The staff also noted the differences between offerings under Rule 504 and Rule 506(c), the latter having been deemed not to be “public offerings” by JOBS Act Section 201(b)(2). Specifically, the JOBS Act provision said Rule 506 offerings would not be public offerings “as a result of general advertising or general solicitation.”

A second change involved the staff withdrawing Question 258.04, which previously dealt with the calculation of the aggregate offering price. But the staff added Question 258.05 regarding whether an instruction in Rule 504 concerning the calculation of the aggregate sales price also would imply that offerings must be integrated. The staff said “No.”

Lastly, the Division’s new Question 258.06 reiterated that Rule 504 would be unavailable to an issuer subject to a bad actor disqualification on or after January 20, 2017. After this date, an issuer must consider its bad actor status any time it relies on Rule 504.

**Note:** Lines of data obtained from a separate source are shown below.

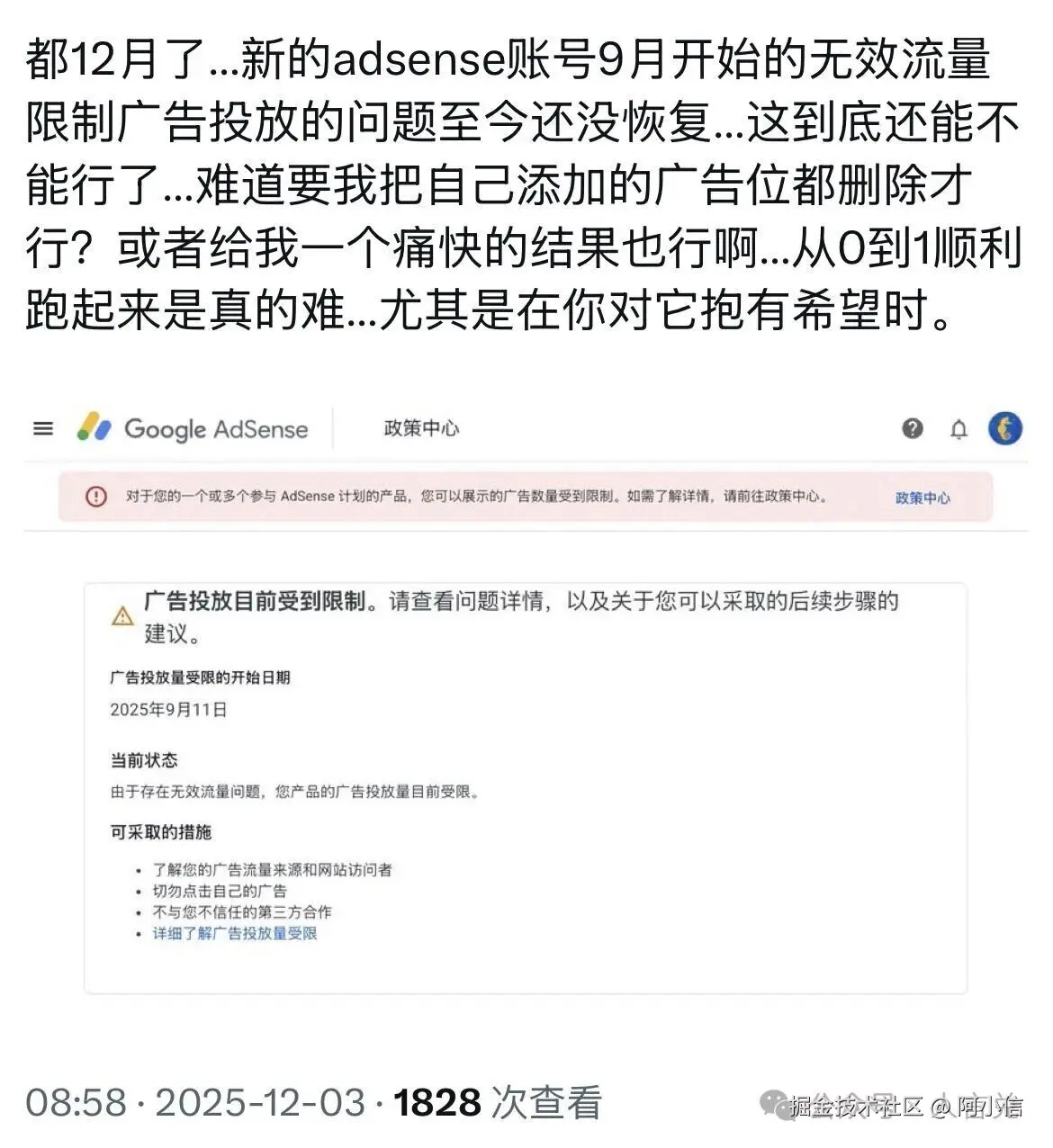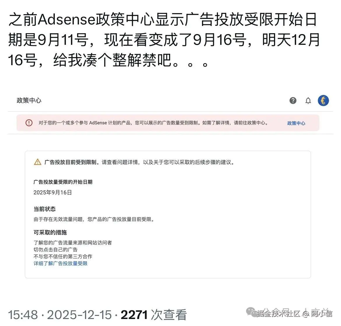 我的adsense(谷歌广告)账号存在无效流量的问题在2026年4月12日终于恢复了……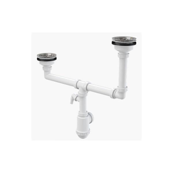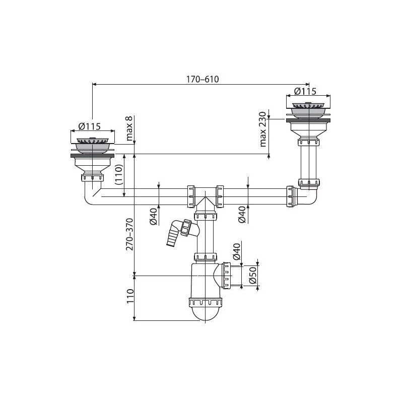 Сифон для двойной разноуровневой мойки AlcaPlast с нержавеющими решетками ?115 и подводкой A454P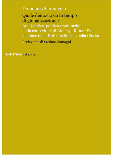 Due sono le domande che strutturano il presente studio, caratterizzato da una stesura articolata di rilievo interdisciplinare: quale democrazia in tempo di globalizzazione? Quale riflessione etico-teologica significativa si può proporre da parte della dottrina sociale della Chiesa per favorire la maturazione del carattere "morale" della democrazia nella globalizzazione? Per rispondere a questi interrogativi, la ricerca verifica il modo in cui i processi di globalizzazione in corso si rapportano alla democrazia attuale, mirando a comprendere se sia possibile contribuire a tracciare un quadro ideale-valoriale di democrazia globale, perché questa tenda ad assumere una configurazione politica reale, rilevante sul piano morale. A tal fine, si assumono, in particolare, gli ultimi insegnamenti pontifici rilevanti sulla materia qui a tema, arricchita dalla comprensione che la proposta etica dell'economista e filosofo indiano Amartya Kumar Sen ha offerto e da valorizzare tenendo conto dei suoi aspetti positivi e di quelli critici, perché più limitati e bisognosi di integrazione. Prefazione di Stefano Zamagni.

Rule 147. Securities Act Rules Question 541.02 has been withdrawn. That C&DI had concluded that a family trust located in the state where a Rule 147 offering was to occur could not be offered securities or purchase securities where the trust had a non-resident beneficiary that held a 50 percent interest in the trust. However, the staff added Question 541.03, reflecting the Commission’s latest rulemaking in this area, which posits a somewhat similar scenario and concludes that a family trust could be offered securities or purchase securities under Rule 147. Specifically, a Rule 147 offering could take place where a family trust (not a separate legal entity) has two trustees of whom one is a non-resident of the state where the offering takes place.

Rule 505 C&DIs withdrawn. The Division also withdrew C&DIs regarding Rule 505 of Regulation D, which had been contained in Securities Act Rules Questions 259.01 to 259.05. The withdrawal was prompted by changes the Commission made to Rule 504 to raise the aggregate amount of securities that can be offered and sold from $1 million to $5 million, thus eliminating the need for Rule 505, which the Commission has repealed. The Division also withdrew the related Question 659.01 regarding censure of an issuer that was a broker-dealer.